Aim of the exercise: Return the lines beginning at the one that contains "The repair information" and running to the end of the records, exactly and with nothing else. Omit pictures.

Recorded data:
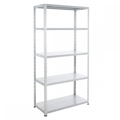 Zinc coated shelfing unit with 5 shelves, each shelf has a spread max carrying capacity of 70kg with a total shelfing capacity of 350kg
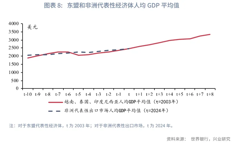 从人均GDP来看,2024年非洲代表性出口市场人均GDP为2453美元,同东盟代表性经济体2003年的2476美元较为接近。
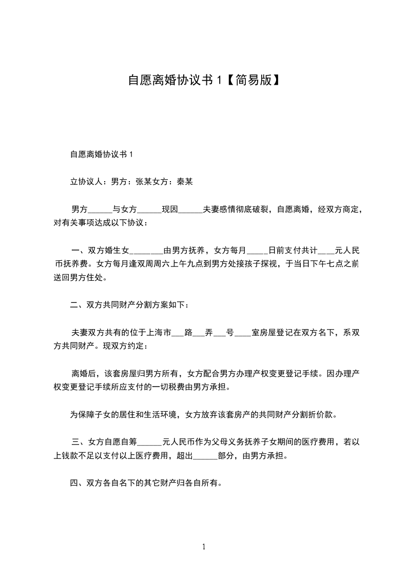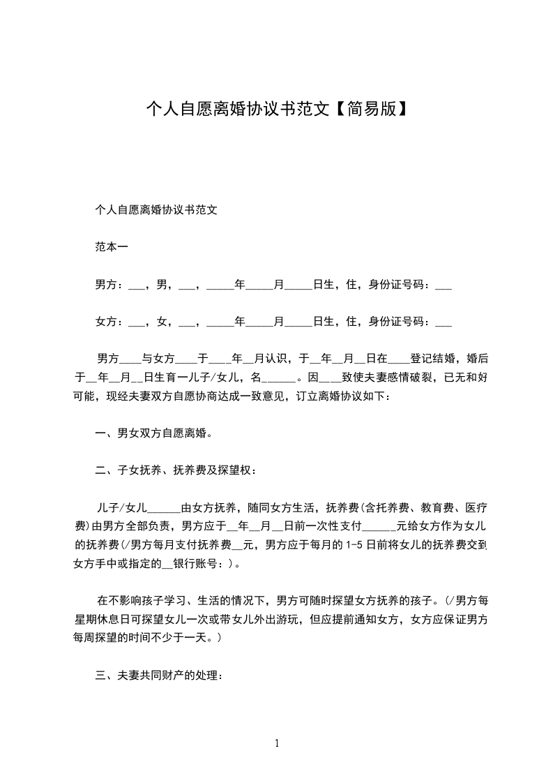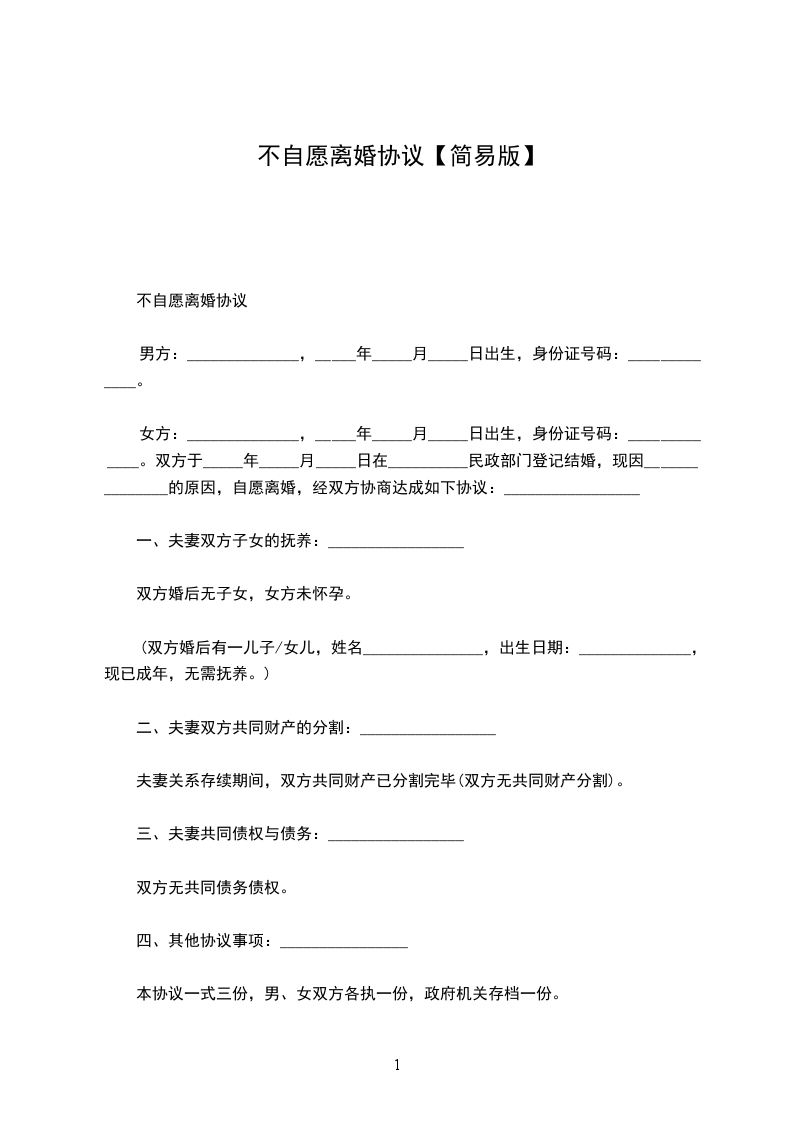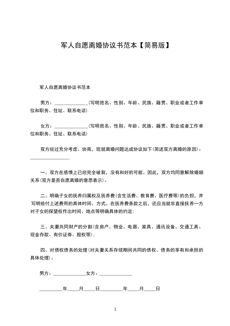 军人自愿离婚协议书范本
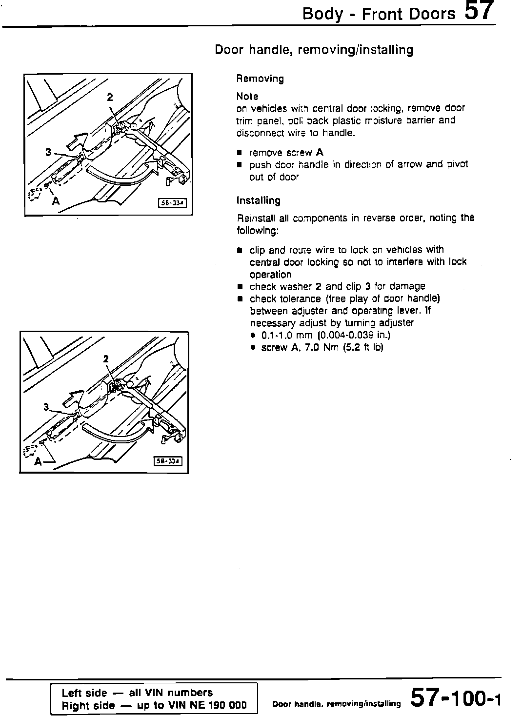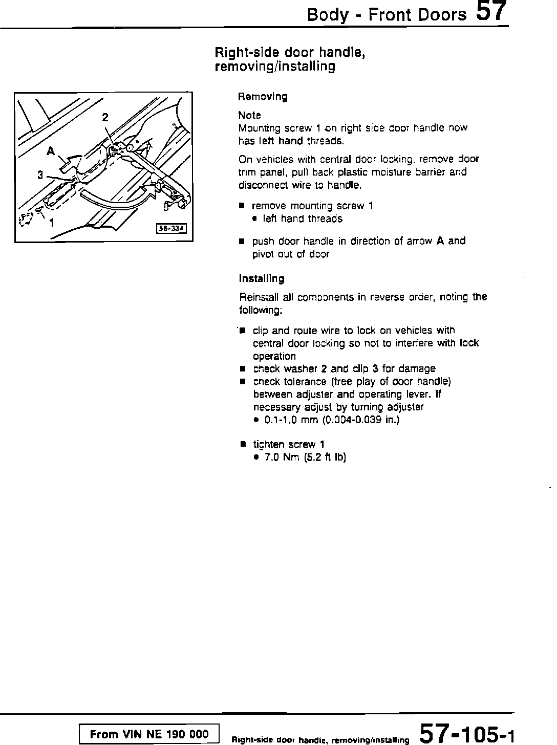 The repair information regarding modifications to the right side door handles for the Passat from VIN 190 000 will be integrated into the next update of Repair Manual Microfiche No. W42-O31-190-F9.
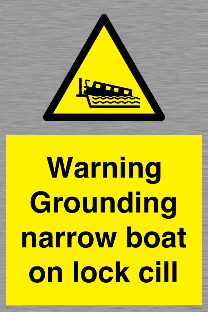 Sign Text: Warning Grounding narrow boat on lock cill

Exercise solution:
 The repair information regarding modifications to the right side door handles for the Passat from VIN 190 000 will be integrated into the next update of Repair Manual Microfiche No. W42-O31-190-F9.
 Sign Text: Warning Grounding narrow boat on lock cill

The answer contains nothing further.